RIP: Ray Manzarek

Ray Manzarek, keyboardist and founding member of The Doors, passed away yesterday afternoon from bile duct cancer. He was 74.

The quasi-Baroque introduction Mr. Manzarek brought to the Doors’ 1967 single “Light My Fire“ — a song primarily written by Mr. Krieger — helped make it a million-seller. Along with classical music, Mr. Manzarek also drew on jazz, R&B, cabaret and ragtime. His main instrument was the Vox Continental electric organ, which he claimed to have chosen, Mr. Vitorino said, because it was “easy to carry.”

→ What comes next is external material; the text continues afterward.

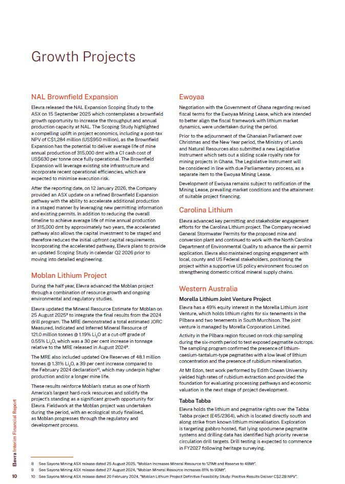 NAL Brownfield Expansion  Elevra released the NAL Expansion Scoping Study to the ASX on 15 September 2025 which contemplates a brownfield growth opportunity to increase the throughput and annual production capacity at NAL. The Scoping Study highlighted  a compelling uplift in project economics, including a post-tax NPV of C$1,284 million (US$950 million), as the Brownfield Expansion has the potential to deliver average life of mine annual production of 315,000 dmt with a C1 cash cost of US$630 per tonne once fully operational. The Brownfield Expansion will leverage existing site infrastructure and incorporate recent operational efficiencies, which are expected to minimise execution risk.  After the reporting date, on 12 January 2026, the Company provided an ASX update on a refined Brownfield Expansion pathway with the ability to accelerate additional production in a staged manner by leveraging new permitting information and existing permits. In addition to reducing the overall timeline to achieve average life of mine annual production  of 315,000 dmt by approximately two years, the accelerated pathway also allows the capital investment to be staged and therefore reduces the initial upfront capital requirements. Incorporating the accelerated pathway, Elevra plans to provide an updated Scoping Study in calendar Q2 2026 prior to moving into detailed engineering.  Moblan Lithium Project  During the half year, Elevra advanced the Moblan project through a combination of resource growth and ongoing environmental and regulatory studies.  Elevra updated the Mineral Resource Estimate for Moblan on 25 August 20258 to integrate the final results from the 2024 drill program. The MRE demonstrated a total estimated JORC Measured, Indicated and Inferred Mineral Resource of  121.0 million tonnes @ 1.19% Li2O at a cut-off grade of 0.55% Li2O, which was a 30 per cent increase in tonnage relative to the MRE released in August 20249.  The MRE also included updated Ore Reserves of 48.1 million  tonnes @ 1.31% Li O, a 39 per cent increase compared to  2  the February 2024 declaration10, which may underpin higher  production and/or a longer mine life.  These results reinforce Moblan’s status as one of North America’s largest hard-rock resources and solidify the project’s standing as a significant growth opportunity for Elevra. Fieldwork at the Moblan project was undertaken during the period, with an ecological study finalised,  as Moblan progresses through the regulatory and development process.  See Sayona Mining ASX release dated 25 August 2025, “Moblan Increases Mineral Resource to 121Mt and Reserve to 48Mt”.  See Sayona Mining ASX release dated 27 August 2024, “Moblan Mineral Resource increases 81% to 93Mt”.  See Sayona Mining ASX release dated 20 February 2024, “Moblan Lithium Project Definitive Feasibility Study: Positive Results Deliver C$2.2B NPV”.  Ewoyaa  Negotiation with the Government of Ghana regarding revised fiscal terms for the Ewoyaa Mining Lease, which are intended to better align the fiscal framework with lithium market dynamics, were undertaken during the period.  Prior to the adjournment of the Ghanaian Parliament over Christmas and the New Year period, the Ministry of Lands and Natural Resources also submitted a new Legislative Instrument which sets out a sliding scale royalty rate for mining projects in Ghana. The Legislative Instrument will be considered in line with due Parliamentary process, as a separate item to the Ewoyaa Mining Lease.  Development of Ewoyaa remains subject to ratification of the Mining Lease, prevailing market conditions and the attainment of suitable project financing.  Carolina Lithium  Elevra advanced key permitting and stakeholder engagement efforts for the Carolina Lithium project. The Company received General Stormwater Permits for the proposed mine and conversion plant and continued to work with the North Carolina Department of Environmental Quality to advance the air permit application. Elevra also maintained ongoing engagement with local, county and US Federal stakeholders, positioning the project within a supportive US policy environment focused on strengthening domestic critical mineral supply chains.  Western Australia  Morella Lithium Joint Venture Project  Elevra has a 49% equity interest in the Morella Lithium Joint Venture, which holds lithium rights for six tenements in the Pilbara and two tenements in South Murchison. The joint venture is managed by Morella Corporation Limited.  Activity in the Pilbara region focused on rock chip sampling during the six-month period to test exposed pegmatite outcrops. The sampling program confirmed the presence of lithium-caesium-tantalum-type pegmatites with a low level of lithium concentration and the presence of rubidium mineralisation.  At Mt Edon, test work performed by Edith Cowan University yielded high rates of rubidium extraction and provided the foundation for evaluating processing pathways and economic valuation in the next stage of project development.  Tabba Tabba  Elevra holds the lithium and pegmatite rights over the Tabba Tabba project (E45/2364), which is located directly south and along strike from known lithium mineralisation. Exploration  is targeting gabbro hosted, flat lying spodumene pegmatite systems and drilling data has identified high priority reverse circulation drill targets. Drill testing is expected to commence in FY2027 following heritage surveying.  Growth Projects  Elevra Interim Financial Report  10

The Doors’ four-man lineup did not include a bass player; onstage, Mr. Manzarek supplied the bass lines with his left hand, using a Fender Rhodes piano bass, though the band’s studio recordings often added a bassist.

Mr. Densmore said, via e-mail: “There was no keyboard player on the planet more appropriate to support Jim Morrison’s words. Ray, I felt totally in sync with you musically. It was like we were of one mind, holding down the foundation for Robby and Jim to float on top of. I will miss my musical brother.”

After Mr. Morrison’s death, Mr. Manzarek strove to keep the Doors together, led his own bands and continued to influence the Los Angeles underground. He produced “Los Angeles,” the 1980 debut album by the leading Southern California punk band X. But he also kept returning to the music of the Doors, rejoining Mr. Krieger in 2002 in a band whose name became the subject of a long legal battle with Mr. Densmore over use of the Doors’ name. Manzarek-Krieger, as the band was finally named, had more dates booked this year, Mr. Vitorino said.

“I was deeply saddened to hear about the passing of my friend and bandmate Ray Manzarek today,“ Mr. Krieger said in a statement. “I’m just glad to have been able to have played Doors songs with him for the last decade. Ray was a huge part of my life and I will always miss him.“

Above is one of best examples of Manzarek’s talent in both signing and piano playing. The Doors were one of the first bands I fell for hard and most of that can be attributed to the playing of Manzarek, Krieger, and Densmore. While Morrison could often be ponderous and insufferable, those three had serious musical chops and complimented one another’s unique styles really well.